James Landale:                 [0:18:58] Yes, it was a bit sink or swim. And I can remember developing coping strategies, because I’d be surrounded- I can remember being in a dormitory and there would be boys sobbing with homesickness and stuff like that. For some it’s worse than other, and things like that.

And I can remember thinking myself into another place. And I would do it by a physical- I would turn myself over in the bed to face the wall and-

Andy Coulson:  [0:19:26] And imagine a different-

James Landale:                 [0:19:26] And imagine myself somewhere else. And I would, you know. And it wasn’t escapism, because I wasn’t unhappy, but it was just, I’m placing myself somewhere else.

Andy Coulson:  [0:19:40] Where was that somewhere else?

James Landale:                 [0:19:42] Oh, wherever I happened to- somewhere on holiday, or back home, or doing something like that. And I think that that- I am able to do that. Wherever I am, whatever I’m doing, I can always place myself somewhere else.

About twenty years ago I took part in round the world yacht race where you’re- some of the races are three weeks long. So you’re on a boat for three weeks, 60 foot long, fourteen or fifteen other people on the boat. There’s nowhere to escape. And so you have to be able to, at times just mentally place yourself elsewhere. And that’s a coping mechanism. It’s not an unusual one.
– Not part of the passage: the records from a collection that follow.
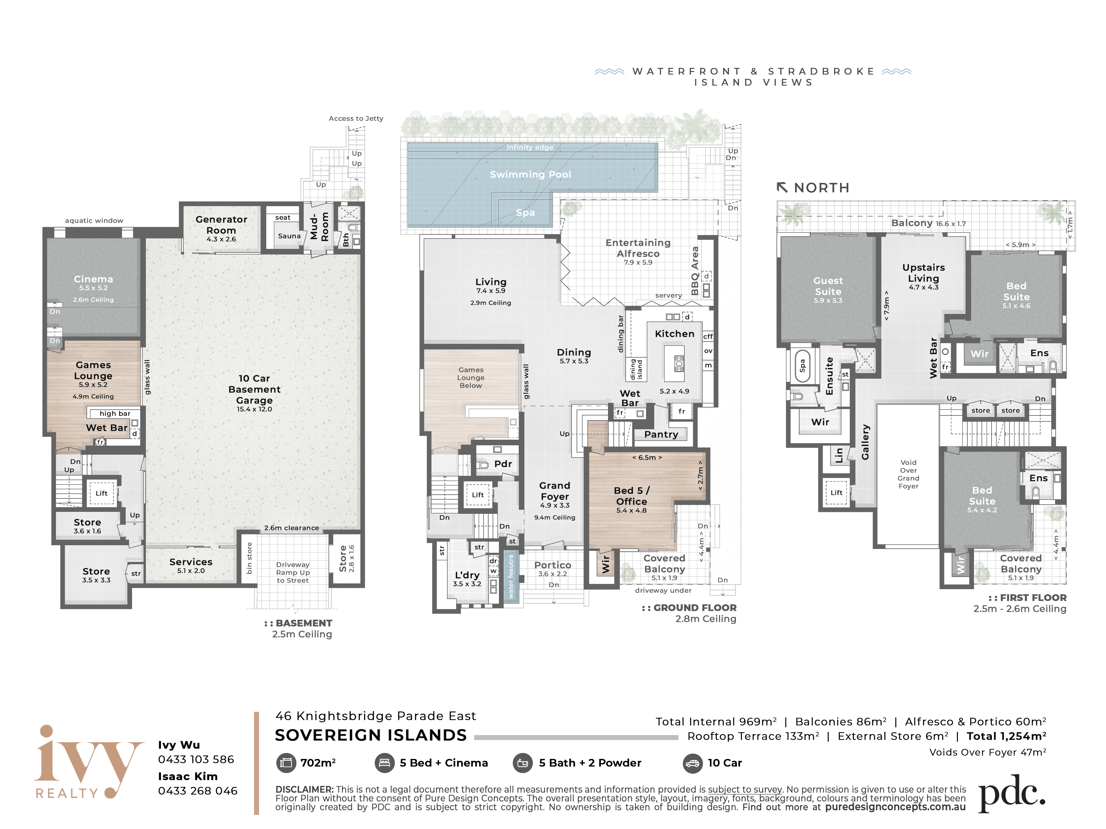 Commanding instant admiration and awe, this multi-level marvel captivates with its uninterrupted Broadwater position and majestic elegance. Sprawling across five levels on a north-east facing 702m2 block, it's a statement of uncompromising grandeur. Enhanced by opulent finishes, an internal lift and soaring ceiling heights across a staggering 1254m2 floorplan, this includes a dramatic 9.4m void that crowns the foyer.
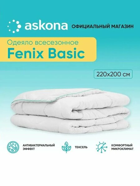 Чехол одеяла с микромассажным эффектом — это инновационное решение для улучшения качества сна и релаксации Волокна Tencel имеют микроскопические каналы, которые способствуют отличной циркуляции воздуха, что позволяет поддерживать оптимальный микроклимат во время сна О товаре Одеяло Fenix: окутывающая легкость – для здорового сна! Всесезонное одеяло Fenix – инновационный продукт от Askona. Мягкое и легкое, оно точно повторяет изгибы тела. Натуральный наполнитель Tencel отличается хорошей воздухопроницаемостью, поэтому под одеялом тепло зимой и прохладно летом. Чехол из 3D-микрофибры – с микромассажным эффектом, приятный на ощупь, не скатывается при длительной эксплуатации. Декоративный бирюзовый кант придает белому одеялу эффектность. Достоинства Fenix:
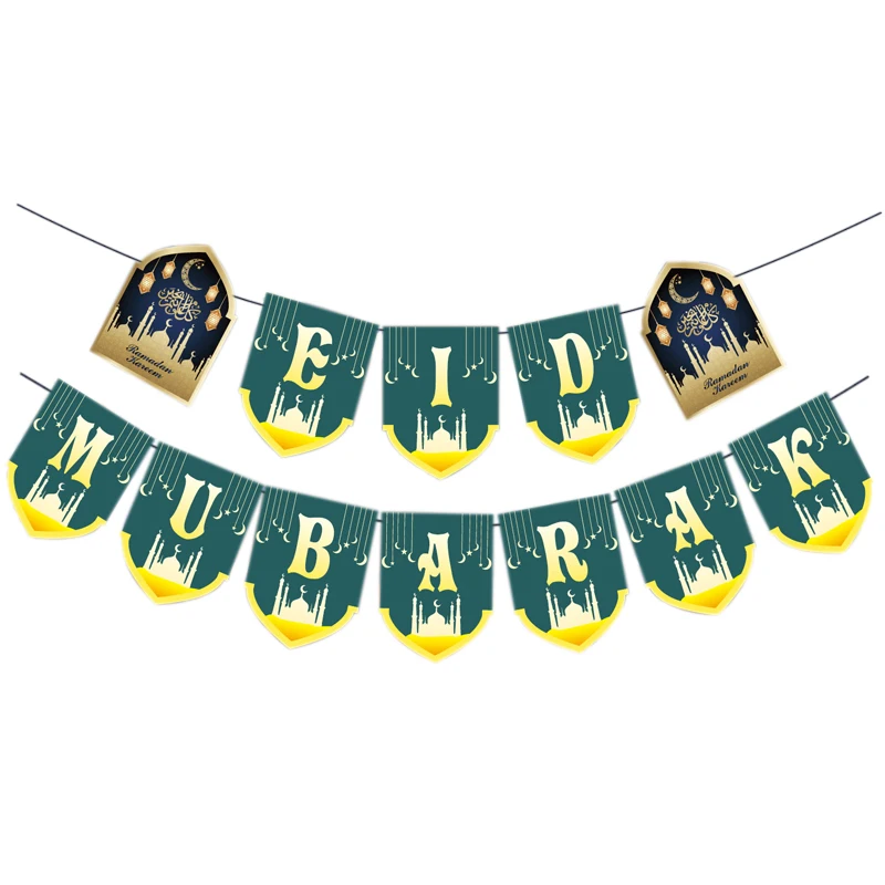 Баннер ИД Мубарак, 1 комплект, тканевая бумага флаг буквы и баннеры...
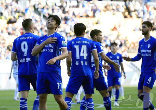 (수원=뉴스1) 박정호 기자 = 1일 오후 경기도 수원시 팔달구 월드컵로 수원월드컵경기장에서 열린 하나은행 K리그2 2025 37라운드 수원삼성과 충북청주의 경기에서 선제골을 넣은 수원 김지현이 세리머니를 하고 있다. 2025.11.1/뉴스1pjh2035@news1.krCopyright ⓒ 뉴스1. All rights reserved. 무단 전재 및 재배포, AI학습 이용 금지.
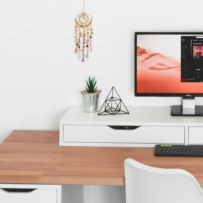 🌈 Rainbow Maker: Suncatcher to mieniąca się metalowa rama z motywami słońca, księżyca i gwiazd. Sztuczne kryształy i zawieszki odbijają światło słoneczne, tworząc zjawiskowy efekt światła i cienia. Unikalny design, kunszt wykonania i wyrazista dekoracyjność czynią z niej urzekające dzieło sztuki.
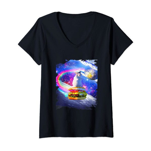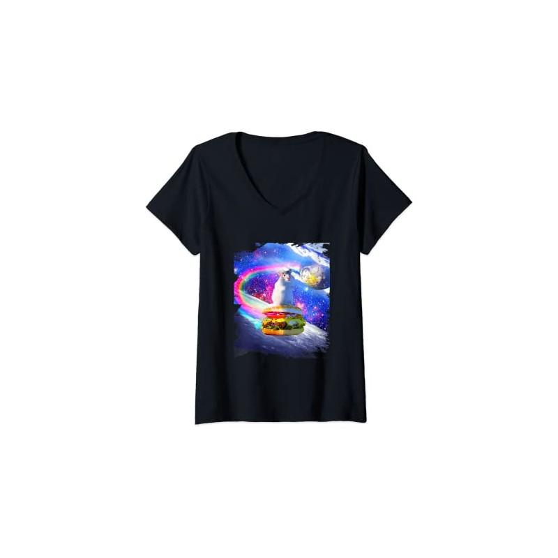 Womens Rainbow Space Hamster Riding Burger V-Neck T-Shirt

Andy Coulson:  [0:20:25] And in terms of your family, seeds of resilience as well? I mean, your parents, you mentioned your dad there, do you recognise your- when you think about your attitude to crisis, to difficult moments? We’ve often had the debate on this pod about whether or not it’s biography or biology, the classic debate. Where do you- what do you recognise in terms of your background in that mix?
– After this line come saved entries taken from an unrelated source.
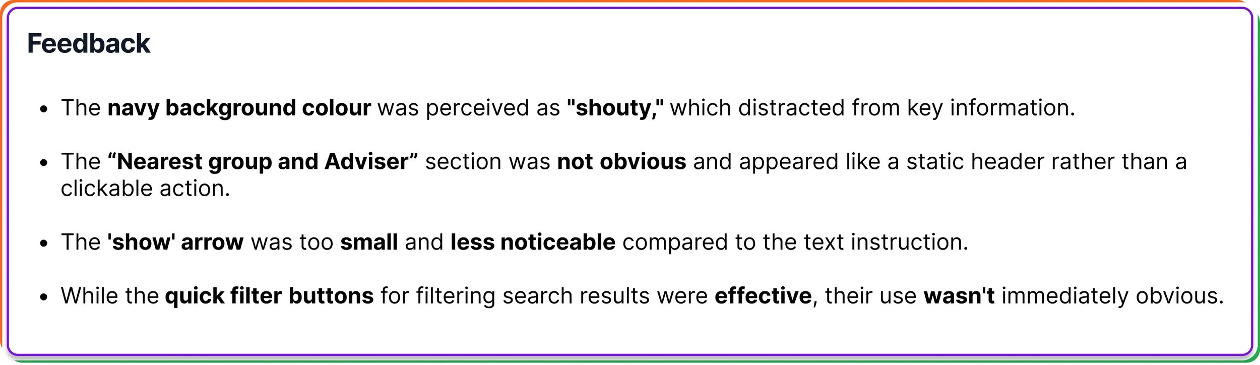 The "Open for your nearest group and adviser" section was frequently misunderstood, appearing as a static header rather than a clickable action.
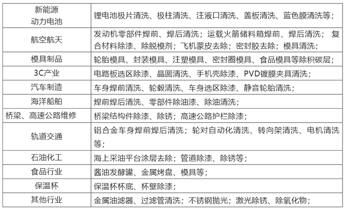 激光器發(fā)展的同時也促進我國激光清洗技術(shù)的飛速發(fā)展,激光清洗技術(shù)也成為工業(yè)、船舶、航空航天等高端制造領(lǐng)域不可或缺的清洗技術(shù),包括輪胎模具表面橡膠污物的去除、金膜表面硅油污染物的去除以及微電子行業(yè)的高精密清洗等。
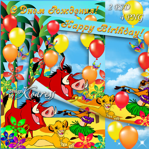 Детская фоторамка - День Рождения с Пумбой, Тимоном и Симбой 2 PSD, многослойные, 4 PNG | 3508x4961 | 300 dpi | 125,99 Mb Автор: Koaress |
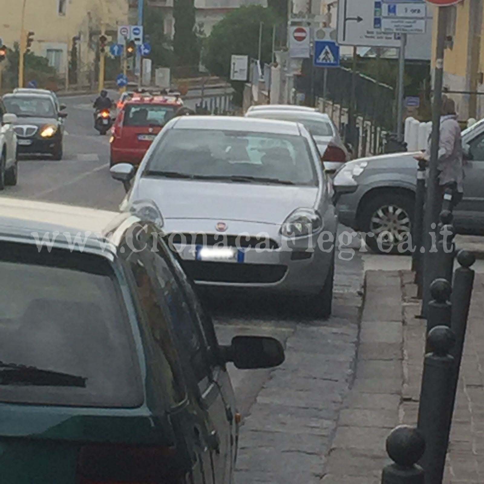 RICEVIAMO E PUBBLICHIAMO – Gentile redazione, pochi minuti fa questa macchina ha fatto causare un incidente in via Solfatara nei pressi del parco Di Bonito. La macchina che esce dal parco sta ferma perché ha tamponato un motorino. Sta arrivando l’ambulanza ma non si è fatto nulla di serio per fortuna! Purtroppo il fenomeno della sosta selvaggia in via Solfatara continua senza che nessuno muova un dito. Dei vigili nemmeno l’ombra visto che sono tutti impegnati tra via Napoli e il centro storico.
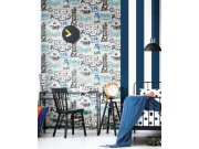 Tapety Yara » Tapety dle materiálu » Vliesové tapety » Černo-bílá vliesová tapeta s pruhy, 2159, Friends & Coffee, Cristiana Masi by Parato
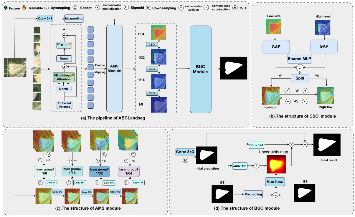 在环境安全领域,实验室将视角转向了遥感影像中的滑坡灾害自动分割。针对滑坡目标尺度多变、边界与周围地物(如裸土)极易混淆的问题,提出了ABC-LandSeg框架。该框架通过在冻结的DINOv3基础模型中注入轻量化重校准模块,实现了对地理空间特征的高效提取。研究设计了自适应多层特征选择模块(AMS),能够根据输入图像动态调整不同Transformer层的权重,以应对滑坡体从数米到数千米剧烈波动的尺度挑战。此外,针对边界模糊问题,引入了边界不确定性修正头(BUC),利用不确定性引导模型对边缘区域进行精细化微调。
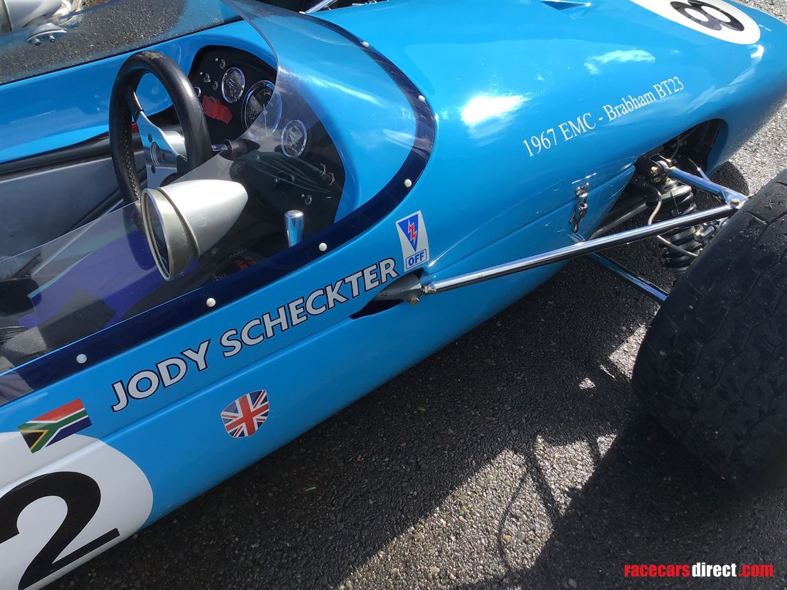 Also worth mentioning here is the 1968 EMC F3 car which was built along very similar lines to a Brabham BT23. During the 1970s it was used in Monoposto Formula and after racing under a variety of names, it was (mis)identified as a Brabham some time in the early 1980s. It was restored to BT23 specification when owned by Jay Galpin in the mid-1990s, after which it was owned by Barry Marquardt, Bob Baker and, since 2006, David Jacobs. As of 2011, David was planning to restore the car to its original EMC specification. In September 2018, Jacobs sold it back to Jay Galpin (Litchfield, CT), and it has been fully restored by David Irwin to full BT23 Formula 2 specification with Cosworth FVA engine and Hewland FT200 gearbox.

James Landale:                 [0:20:54] I had a very happy family background, can’t ever remember my parents ever raising their voices to each other, the closest they came to anger was an occasional pregnant pause. But my father was an incredibly calm, measured man.

Andy Coulson:  [0:21:14] What did he do for a living, out of interest?

James Landale:                 [0:21:15] He worked for the West Midlands Engineering Employers’ Association. Which is essentially a mouthful that means he was the sort of professional negotiator for big West Midlands industries at the height of all the big industrial crises of the 1960, ‘70s and ‘80s.

Andy Coulson:  [0:21:36] Right okay, and it was a lively time.

James Landale:                 [0:21:37] So you know, British Leyland, all that sort of stuff. There were times when, you know, there were threats and things like that because of what he was doing. But equally when he died I was rung up by a former union boss who had run one of the big unions, who was now a peer of the realm, who just said, “I just want to let you know that your dad was the best guy to negotiate with.” And he said, “He saved my career on several occasions.”

So my father was an incredibly calm, measured, logical person. But equally robust.

Andy Coulson:  [0:22:16] I mentioned it in the intro. Your brand, as someone watching, and who has worked with you from a distance a bit, we’ll get onto that, when I was working with David Cameron, your brand is calm and measured. You are not tempted by the hysterical at all. Your inclination always seems to be, “Well, hang on. Let’s just take our time with this a bit.” Far more measured than, I would argue, an awful lot of people who find themselves on television.

James Landale:                 [0:22:55] I’m a great believer in the William Hague dictum that things are never as good as people think they are, and they are never as bad as people think they are.

Secondly, I spent many years on The Times sitting next to a very wise man called Peter Riddell, who was The Times Political Commentator for many, many years. And I remember him telling me very, very early on, he said, “James, if you want to be a good journalist remember your history.” And what he meant by that was not knowing you Tudors and Stuarts, but just remembering what happened last week, and the month before, and the year before. So that when something happens you can give the reader or the viewer a sense of context.

The risk of live television, 24-hour news, is that the way you get cut through is by saying, “This is the most extraordinary, outrageous-” you know, sort of victory for somebody, or the most utter disaster for somebody. And you know, that sort of hyperbole gets cut through and for some people it works. For me it doesn’t.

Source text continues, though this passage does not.